Время перехватила неровное дыхание Жа, улыбнулась своим безликим черепом и стала из оконной темноты лепить руками ком тоски с бессилием.

– Хотел бы и я, чтобы работа у меня была такая, где я вас не застану вовсе.

Жа все смотрел, как та красиво и изящно собирает ночь в ладони, как сахарные делает труды, но страх одолевал его такой, что тот зажмурился, представив, что все – сон.

– Не туда вы идете, дорогой мой, раз со мною заговорили. Точнее, не идете никуда. Вы, как говорится, на якоре стоите. Пока еще крепко, но ноги уже, чую, затекают. Откройте глаза.
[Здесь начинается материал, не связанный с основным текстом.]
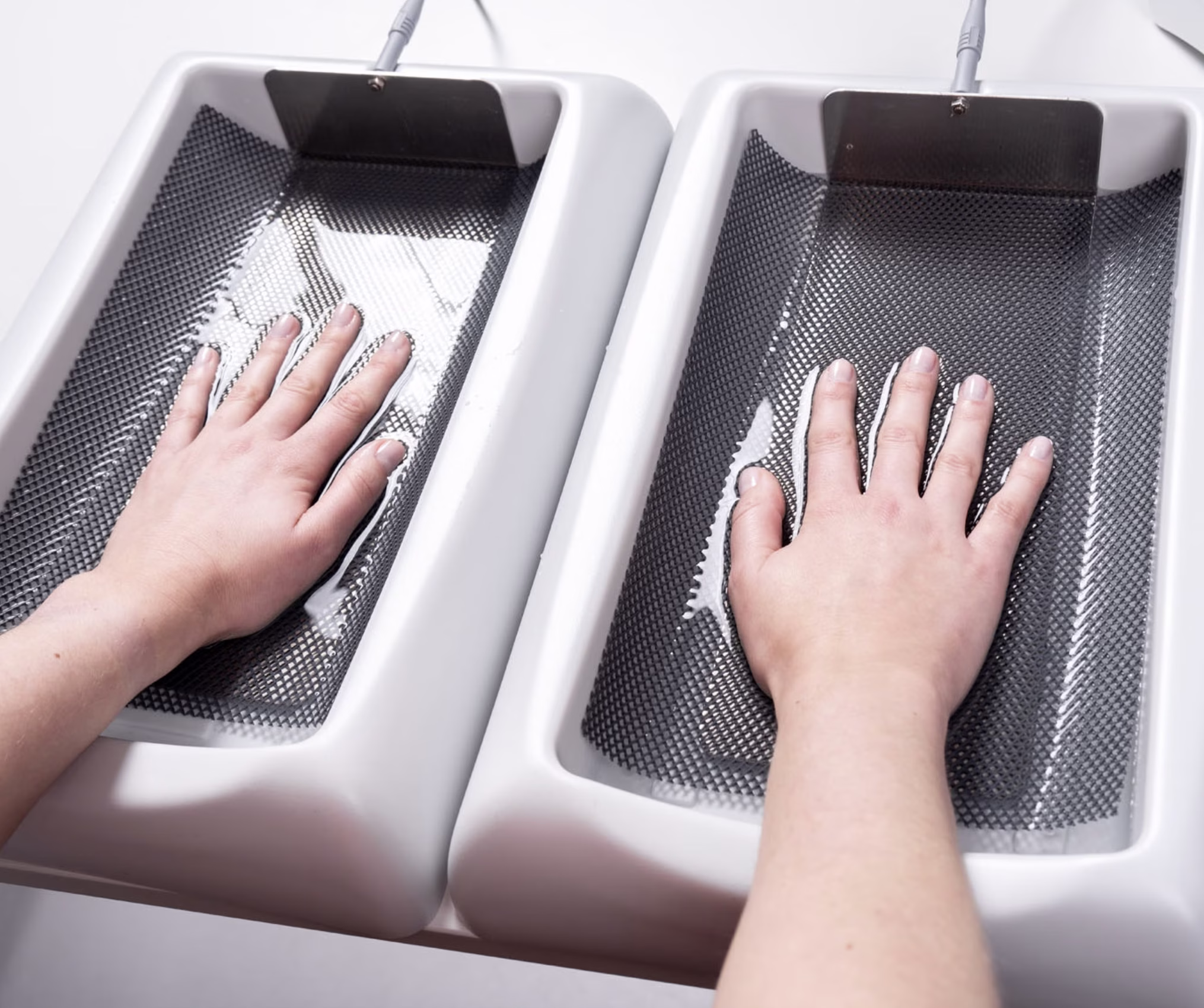 Die HIDREX Therapiewannen bieten eine bequeme, ergonomische Lösung für die Iontophoresebehandlung – ideal bei regelmäßiger Anwendung zu Hause oder in der Praxis. Perfekt geeignet für die Therapie von Händen und Füßen, auch bei großen Schuhgrößen.

– Тогда я пойду шевелиться? – медленно приоткрыл свои сонные веки Жа.

– Идите, идите.

– И вы не спросите меня куда?

– А вы этого хотите? – повернулась к нему Время. В руках у нее уже виднелся большой черный шарик. Она протянула его Жа. Тот зашевелил головою, отказываясь брать его в руки. Время Станиславовна вновь постаралась улыбнуться и опрокинула шар на пол. Тот разлился черной рекой с хвостом из плотного зловония, немного погудел, зашипел, как злое животное, и убежал куда-то, пролезая через щель в двери.

– Нет, потому что боюсь вам не ответить.



– Именно, все верно. Ответы порождают лишь вопросы. Что ж, мне пора. Не беспокойте меня без причины, и я не буду снисходительно улыбаться вам в зубы.
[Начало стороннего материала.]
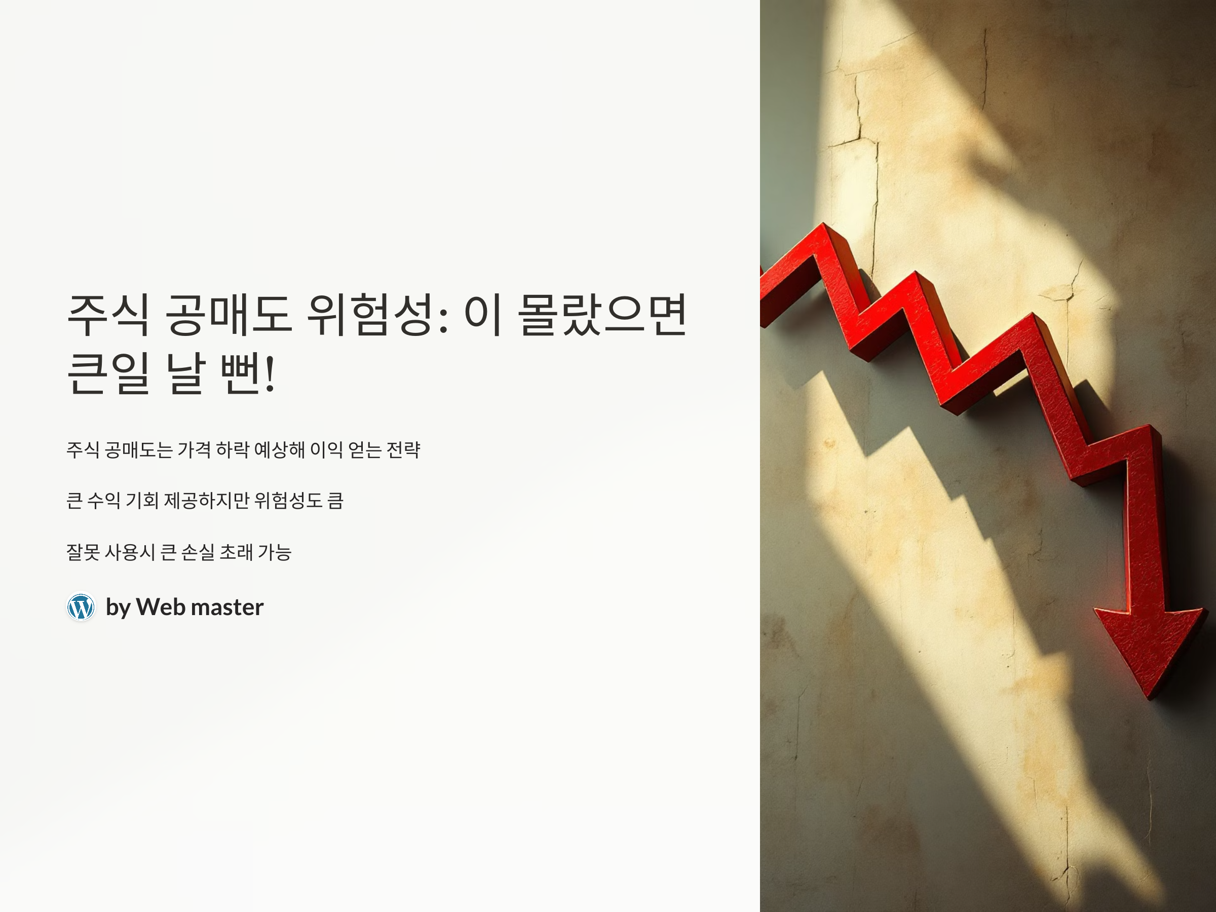 주식 공매도는 주식시장에서 가격 하락을 예상하고 그에 대한 이익을 얻는 전략으로, 투자자들에게 큰 수익을 안겨줄 수 있는 기회를 제공합니다. 하지만, 이 전략이 가진 위험성은 크고, 잘못 사용될 경우 큰 손실을 초래할 수 있습니다. 공매도는 단기적인 시장 변동성을 이용한 거래 방식으로, 장기적인 투자와는 다른 성격을 지니고 있습니다. 오늘은 주식 공매도의 위험성과 그에 대한 대처 방안을 자세히 알아보겠습니다.
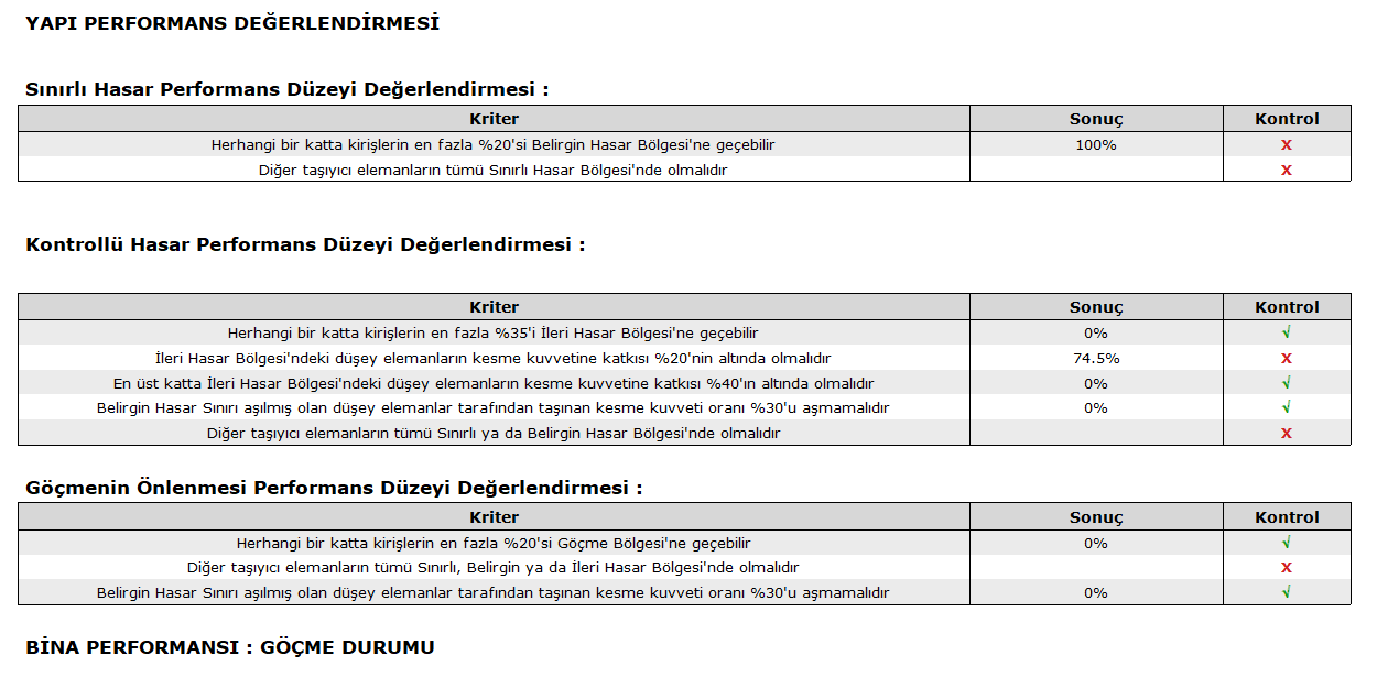 Mevcut bina Göçmenin Önlenmesi Performans Düzeyi 'ni sağlamıyorsa Göçme Durumu 'ndadır. Bu durumda bina kullanımı can güvenliği bakımından sakıncalıdır.

– Сверкает! – вдруг прокричал Жа.

Время посмотрела в окно. Там было все так же темно и сыро.

– Это коронки, – тихо сказала она и отпустила мальчика.

***

Руки съедает щекотливый ветер из дырочек в окне и под подоконником. Изумляет и ущемляет. Мартобрь какой-то. Не шевелится ни до, ни после. Зевотой слепит глазенки, онемевшая от сна рука не чувствует, зевает сама и больными коликами изгибается в стальной, но мягкий прут, потом оживает и гладит тебя, как котенка под дождем. Все равно – сыро и противно.
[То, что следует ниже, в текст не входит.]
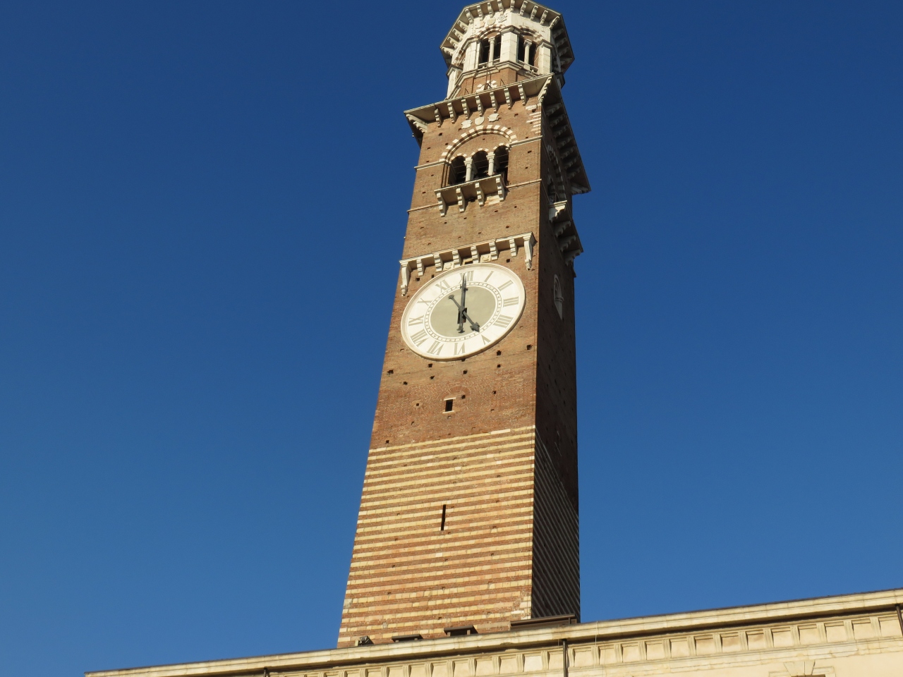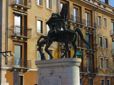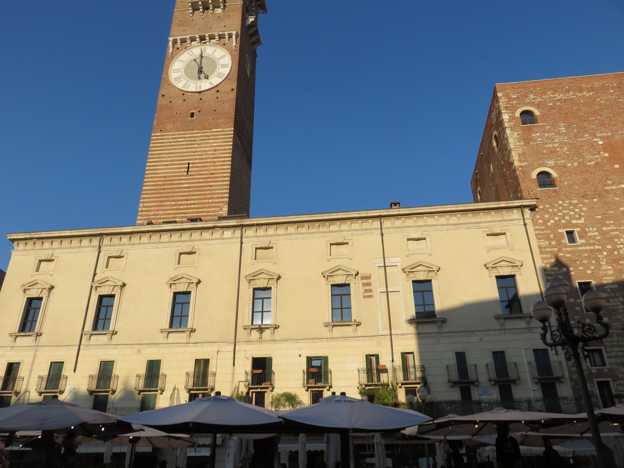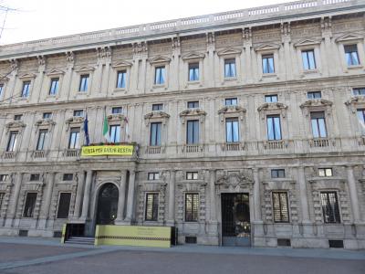 以前はラジョーネ宮が市庁舎としての役割をになっていましたが、裁判所としての機能が主体になり、町の中心のブラ広場に隣接する建物に市庁舎機能が移ったようです。中央の正面玄関を現わす屋根を支える8本のエンタシスが美しく感じられました。
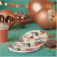 Every day can be a blast from the past with this mid century modern inspired paper plate. The design features a replica of a vintage atomic mobile fabric pattern. The background is ecru with blue, orange, green and black modern art shapes. This is the ideal paper plate for any occasion with a mid century modern flair!

Во сне к мальчику Жа приходило странное видение. Как он отличил видение ото сна? Ему сказал филин, который в том прекрасном мире (в голове малыша Жа) жил на балконе мальчика и ходил по воздуху, как ручной зверь первого человека. Барханы, занесенные песком и китайским столовым серебром, сверкали за окном наперебой друг другу золотым и бесцветным. По ним еще ехал трамвай, вдоль улицы Кирова и Серова, блатная детвора курила в щель дверей-гармошки, кто-то ехал зацепом, кого-то выгонял в панике кондуктор – святой дед, что потерял своих детей, как потерял однажды сигареты, обронив, в холодный февральский вечер. Он думал, что попал в хорошее французское кино, где он – не он, он молодой и беззаботный – и ловко отточенную игру нарушал лишь забывчивостью текста.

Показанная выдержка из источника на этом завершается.